The Write Stuff February 2020 Volume 16 Issue 2

Answers to Writing FAQs

Rarely does a day go by when I’m not asked for my opinion on a writing issue — and I’m always happy to weigh in. Since many people ask the same things, I thought it made sense to answer some of the most common questions here.

Q. Does the period go inside or outside of parentheses at the end of a sentence?

A. It depends — and I must point out I’m not a big fan of using parentheses. However, if you choose to use them, make sure you do it like this:

  • The Sharks are in trouble. (Three of their stars are injured.)
  • The Sharks are in trouble (because three of their stars are injured).

In the first example, the period is inside, because it ends a complete sentence. In the second, it’s outside, because what’s in the parentheses is just a clause, part of the sentence.

Q. When are single quotes used?

A. Rarely, if at all. The only time it’s appropriate to use single quotes is if you’re quoting something that’s already in a quote, like this:

  • “Whenever Cubbie comes with me on errands, people often smile and say, ‘your dog is so cute’ — and I love that.”

Q. Do you refer to a company as their or its?

A. Its. A company reports its earnings, provides great benefits to its employees, etc. If you’re speaking of two or more companies, you’d use their.

Q. What punctuation should be used after including?

A. Nothing — not even a colon — but a comma should precede it, like this:

  • We have many choices to make on March 3, including national and local races, measures, and a proposition.

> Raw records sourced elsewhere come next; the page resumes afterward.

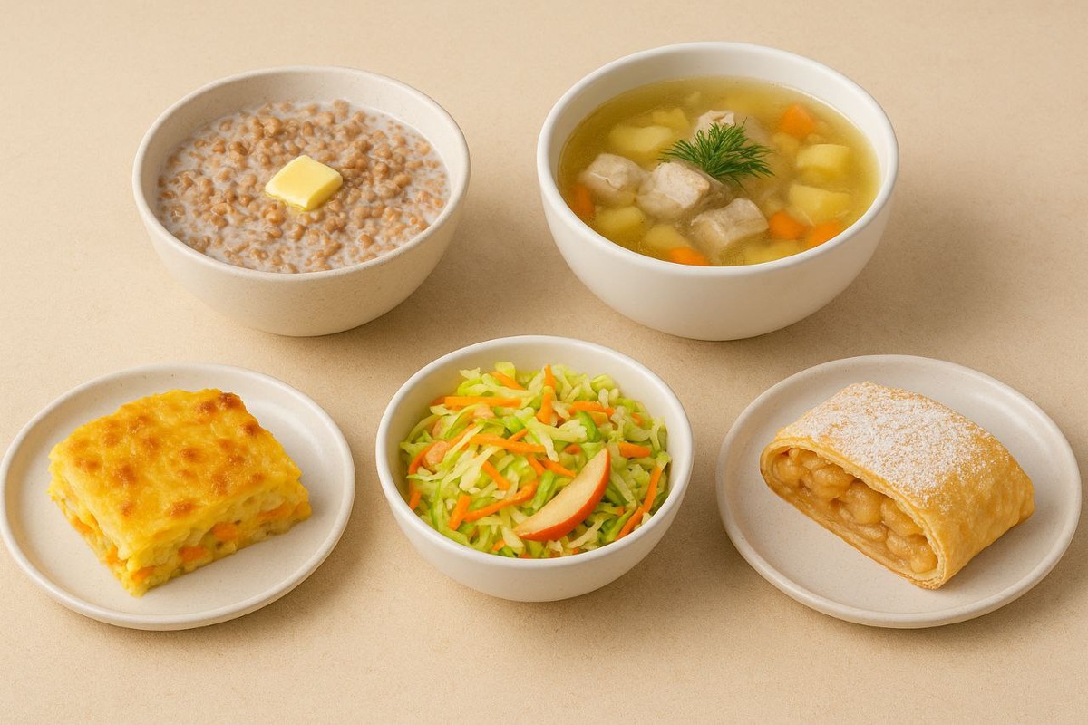 🍴 Меню на сегодня — уют и вкус в каждом блюде 🍴 Сегодняшний день наполнен домашним теплом и ароматами: 🥣 Завтрак — гречка с молоком и сливочным маслом. 🐟 Обед — уха, наваристая и прозрачная. 🥔 Ужин — картофельная запеканка с овощами, нежная и сытная. 🥗 Салат — витаминный (капуста, морковь, яблоко). 🍏 Десерт — штрудель с яблоками и корицей. ✨ А теперь подробный рецепт нашего ужина: 🥔 Картофельная запеканка с овощами Ингредиенты: Картофель — 700 г Морковь — 2 шт. Лук — 1 шт. Болгарский перец — 1 шт. Сливки или сметана — 150 мл Яйцо — 2 шт. Сыр — 100 г Масло для смазки формы Соль, перец по вкусу Приготовление: 1️⃣ Картофель очистить, нарезать тонкими кружочками. 2️⃣ Морковь натереть на крупной тёрке, лук и перец нарезать кубиками. 3️⃣ Взбить яйца со сливками (или сметаной), добавить соль и перец. 4️⃣ Форму для запекания смазать маслом. 5️⃣ Выложить слоями: картофель, овощи, снова картофель. 6️⃣ Залить яично-сливочной смесью. 7️⃣ Посыпать сверху тёртым сыром. 8️⃣ Выпекать при 180°С
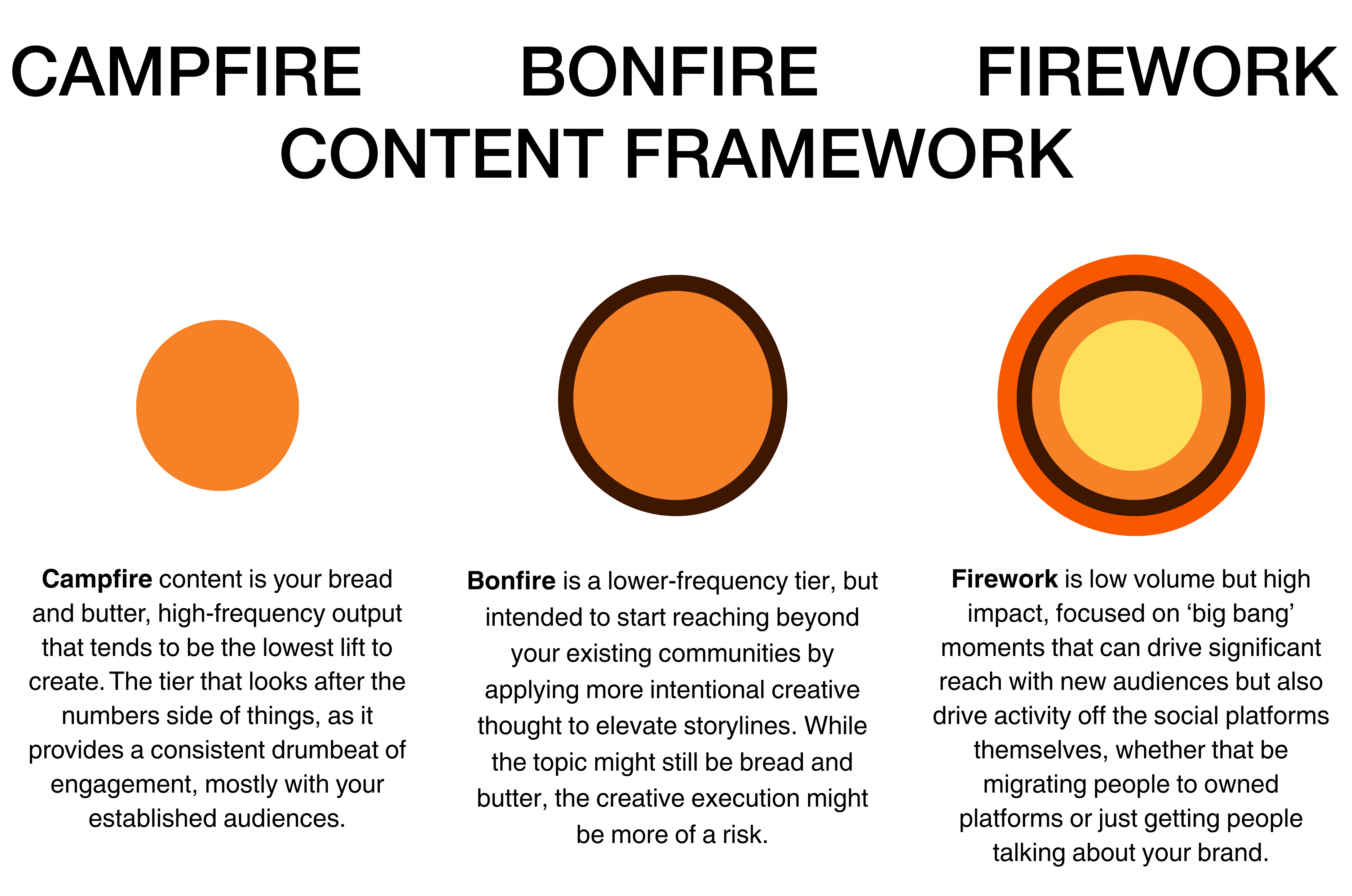 Campfire -> Bonfire -> Firework is such a neat framework! I love how simple and effective it is in categorizing the content between the one that feeds the current community vs the one that attracts the new fans.
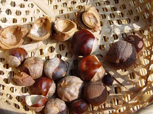 | (奥さん) とちの実のあく抜きだけはね、昔からの方法じゃないとできないんですよ。昔の人はえらいね、これをあく抜きしたら食べられるゆうことをみつけたんやね。昔はね、お正月と寒しかできなかったんですよ。お正月に作って、いいのができたら京都や大津の親戚にもっていく。それで、とちもちやなくて、「やりもち」とかいうてたんです。今は、夏、冬問わず、1年中作ってますけどね。 (山本さん) とちの木は2mぐらいの大木になると、木の下へ行ったら何か神秘的な感じがする。雨の日なんか巨木の下に行ったら、薄暗いし大蛇が出てくるような、何かが自分にせまってくるような恐ろしいような感じがするんや。 |
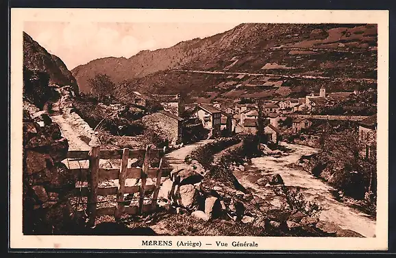 AK Mérens, Vue générale du village et de la rivière en Ariège
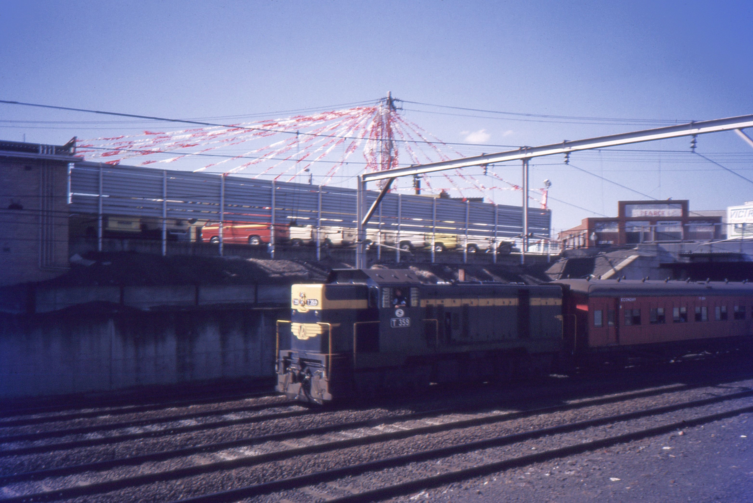 Loco T359 was one of Victorian Railways' fleet of 95 EMD-engined T class diesel electric locomotives. Delivered in seven tranches between 1955 to 1968, these versatile 8 cylinder diesel Bo-Bo units cam in many variations of body shape, mechanical and electrical innards. T359 is a high-nose variant and was delivered in 1962 as one of the third tranche. She was withdrawn in 1989 and scrapped in 1992.

I hope this is helpful — and don’t forget to vote!

Book Launch

I’m pleased to promote an exciting new book by Marketing guru Laura Patterson — Fast-Track Your Business/A Customer-Centric Approach to Accelerate Market Growth. I was delighted to assist Laura as her editor. Check it out at

Please Respond

It seems to me that the easier it becomes to communicate — the less people actually respond when it would be courteous to do so. Call me old-fashioned (or maybe just old), but I continue to be puzzled when people don’t acknowledge receiving documents via email. A simple, “thanks, I got it,” will provide the sender peace of mind.